[[ Exercise data, beginning ]]
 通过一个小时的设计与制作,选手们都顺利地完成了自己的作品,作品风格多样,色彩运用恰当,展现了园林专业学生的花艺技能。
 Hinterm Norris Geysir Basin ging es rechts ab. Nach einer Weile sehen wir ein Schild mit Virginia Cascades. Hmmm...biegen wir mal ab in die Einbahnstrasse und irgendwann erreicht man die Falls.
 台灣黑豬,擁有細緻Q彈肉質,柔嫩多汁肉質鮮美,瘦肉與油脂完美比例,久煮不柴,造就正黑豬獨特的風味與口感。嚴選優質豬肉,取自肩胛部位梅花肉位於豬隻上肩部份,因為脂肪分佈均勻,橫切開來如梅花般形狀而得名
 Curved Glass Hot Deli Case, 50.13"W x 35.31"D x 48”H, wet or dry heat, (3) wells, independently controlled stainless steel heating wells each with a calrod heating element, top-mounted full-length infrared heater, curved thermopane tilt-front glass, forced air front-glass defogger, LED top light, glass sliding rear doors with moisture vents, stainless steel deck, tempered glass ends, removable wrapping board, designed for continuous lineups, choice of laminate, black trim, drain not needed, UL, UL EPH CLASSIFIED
[[ Exercise data, end ]]
[[ Exercise data, beginning ]]
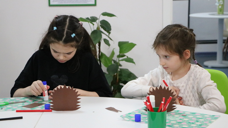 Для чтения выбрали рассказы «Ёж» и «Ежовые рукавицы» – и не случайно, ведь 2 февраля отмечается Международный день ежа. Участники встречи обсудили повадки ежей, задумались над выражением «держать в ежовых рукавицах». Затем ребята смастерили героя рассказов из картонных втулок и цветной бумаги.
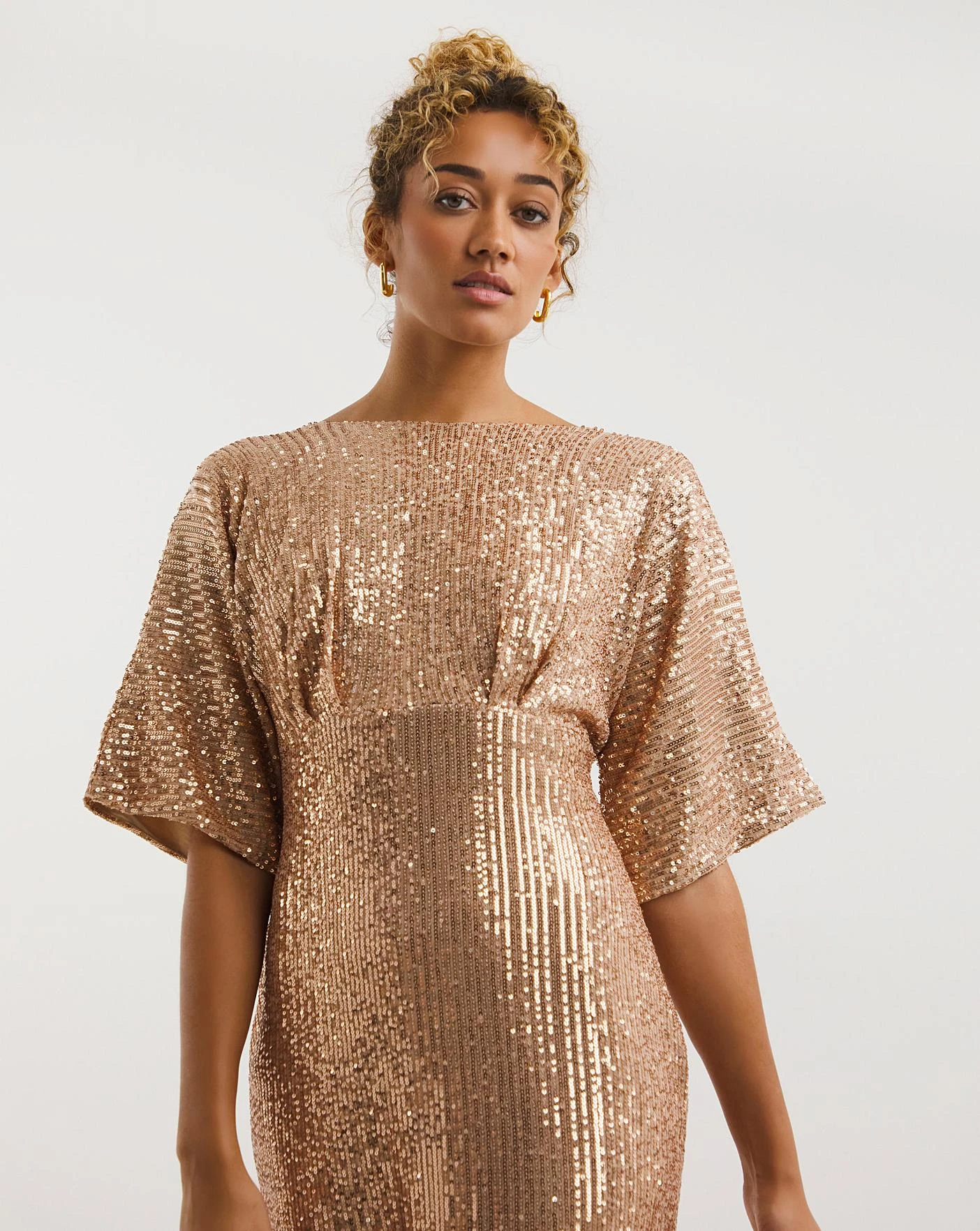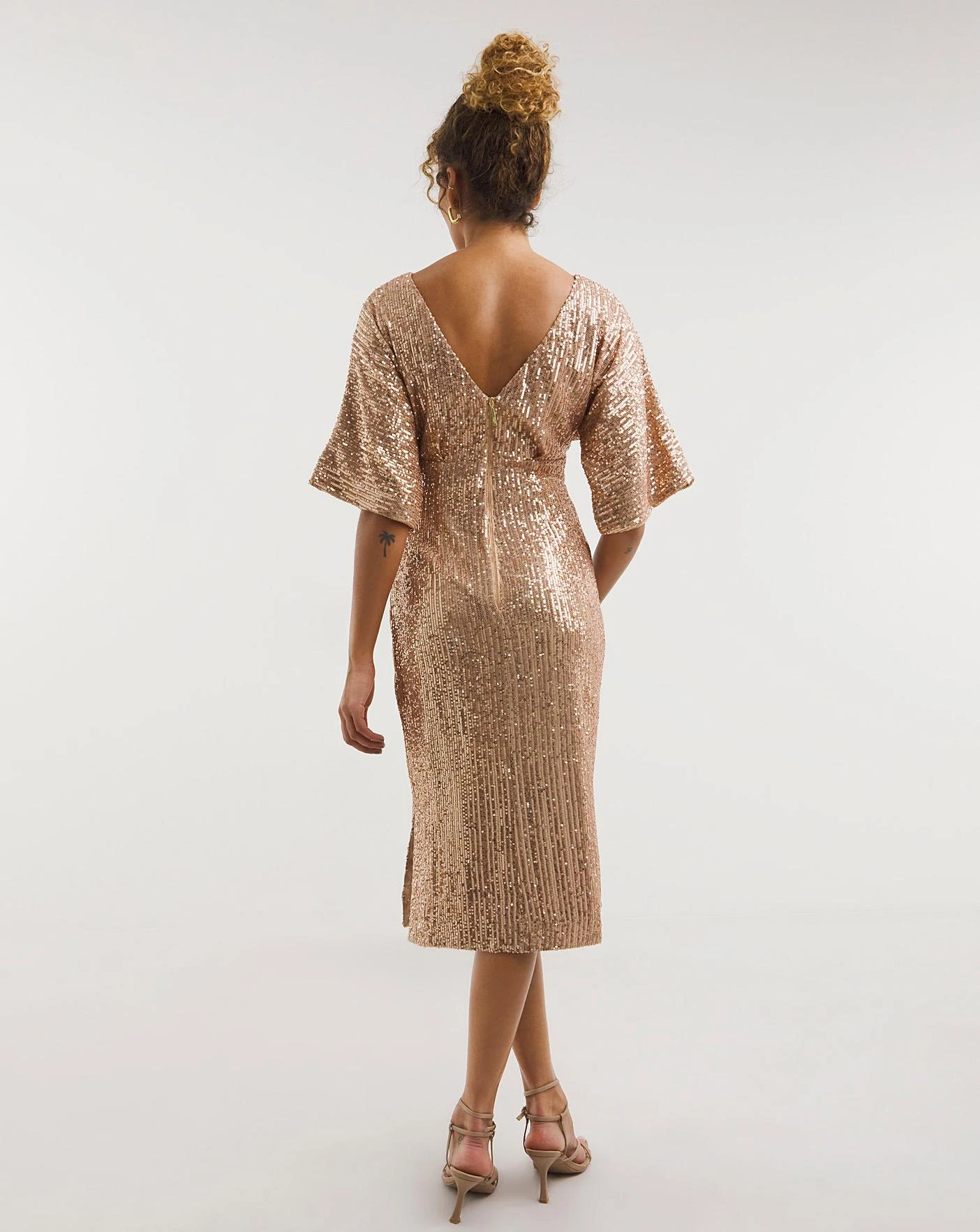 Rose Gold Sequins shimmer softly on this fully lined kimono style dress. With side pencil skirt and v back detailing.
[[ Exercise data, end ]]
[[ Exercise data, beginning ]]
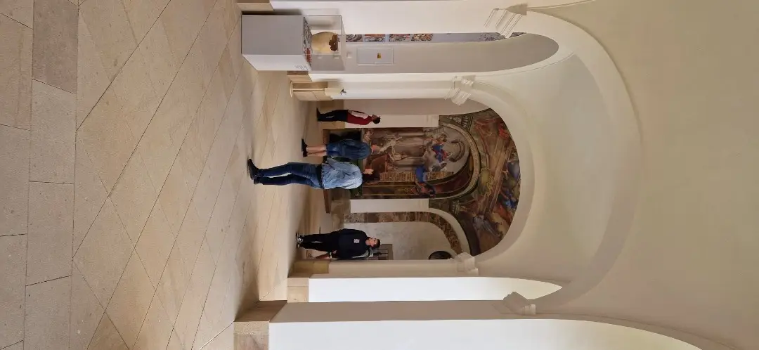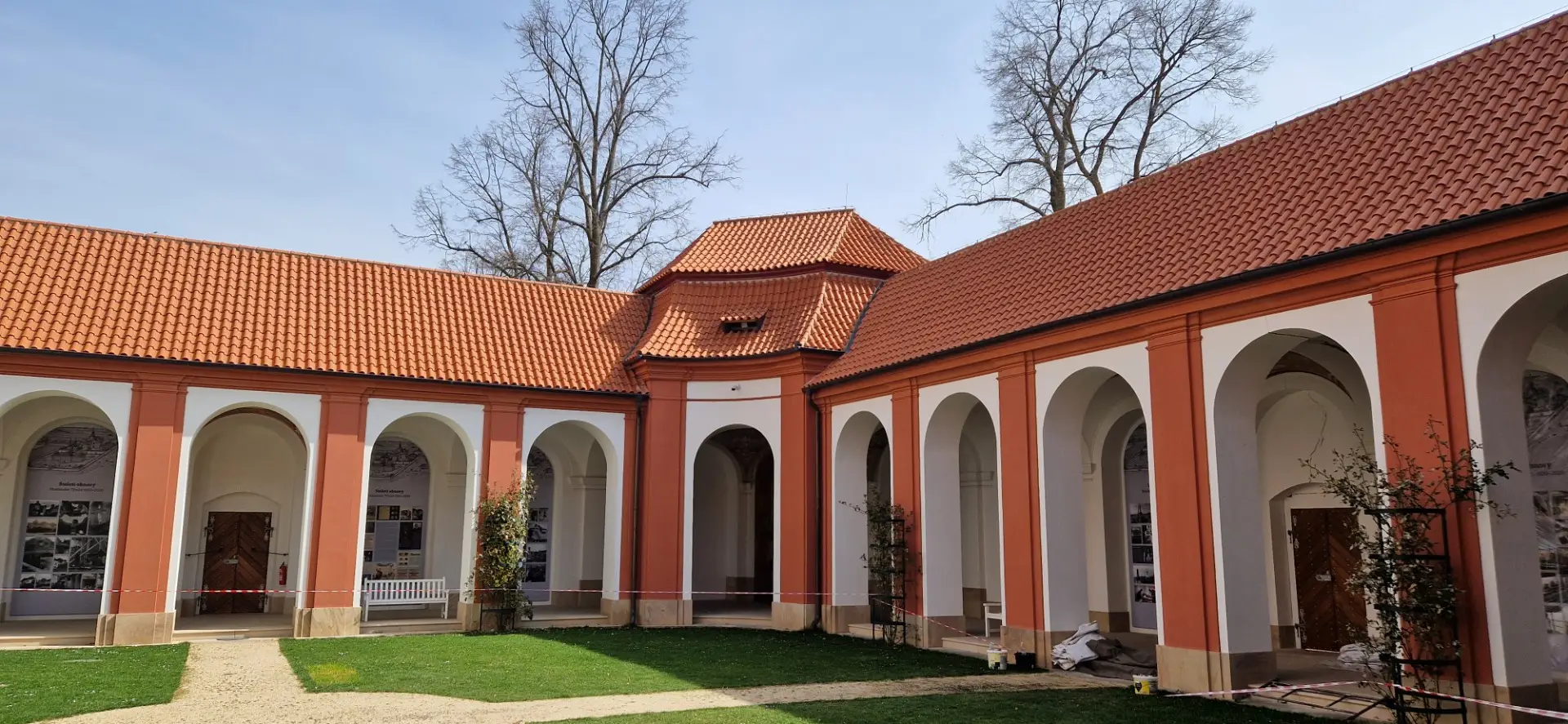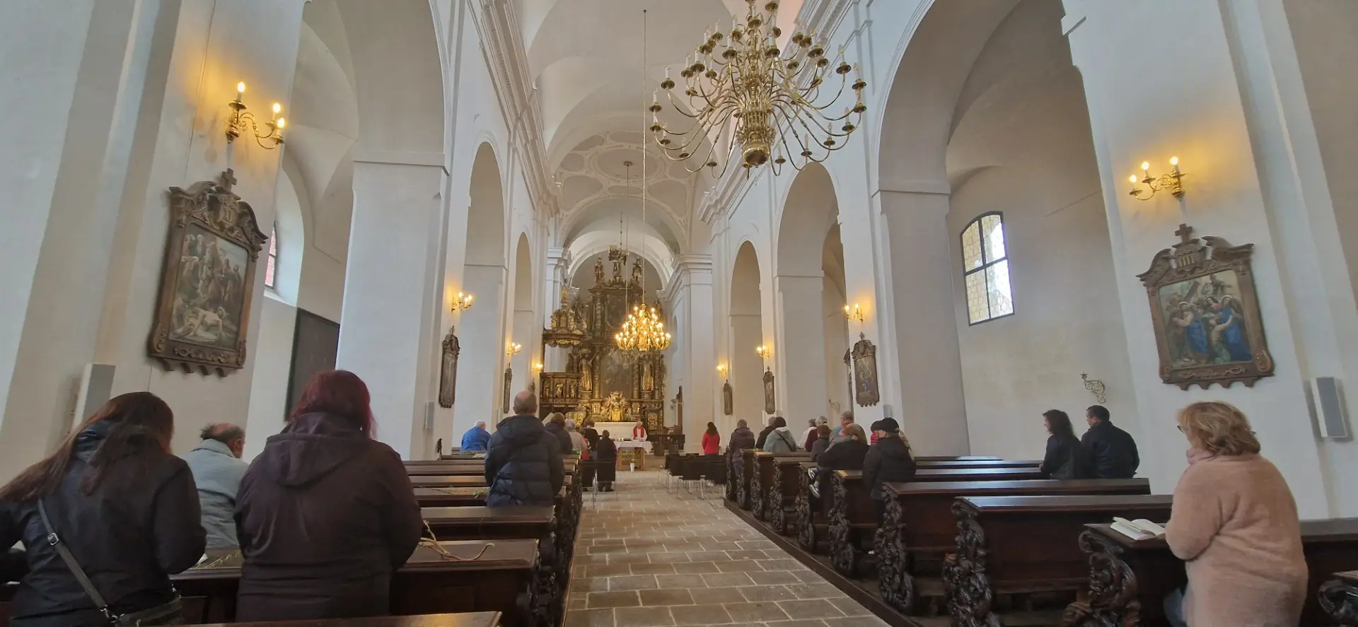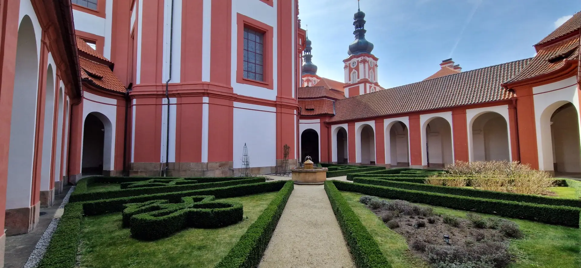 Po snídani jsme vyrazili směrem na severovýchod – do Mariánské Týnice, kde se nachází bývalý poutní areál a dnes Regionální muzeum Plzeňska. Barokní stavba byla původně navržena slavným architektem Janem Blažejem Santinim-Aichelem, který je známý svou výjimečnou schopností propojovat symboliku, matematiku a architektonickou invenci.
[[ Exercise data, end ]]
The entries above hold a line with "Hinterm Norris Geysir" and a later line with "Curved Glass Hot". Write out exactly those lines and all lines between, nothing more.

#### Finished task:
 Hinterm Norris Geysir Basin ging es rechts ab. Nach einer Weile sehen wir ein Schild mit Virginia Cascades. Hmmm...biegen wir mal ab in die Einbahnstrasse und irgendwann erreicht man die Falls.
 台灣黑豬,擁有細緻Q彈肉質,柔嫩多汁肉質鮮美,瘦肉與油脂完美比例,久煮不柴,造就正黑豬獨特的風味與口感。嚴選優質豬肉,取自肩胛部位梅花肉位於豬隻上肩部份,因為脂肪分佈均勻,橫切開來如梅花般形狀而得名
 Curved Glass Hot Deli Case, 50.13"W x 35.31"D x 48”H, wet or dry heat, (3) wells, independently controlled stainless steel heating wells each with a calrod heating element, top-mounted full-length infrared heater, curved thermopane tilt-front glass, forced air front-glass defogger, LED top light, glass sliding rear doors with moisture vents, stainless steel deck, tempered glass ends, removable wrapping board, designed for continuous lineups, choice of laminate, black trim, drain not needed, UL, UL EPH CLASSIFIED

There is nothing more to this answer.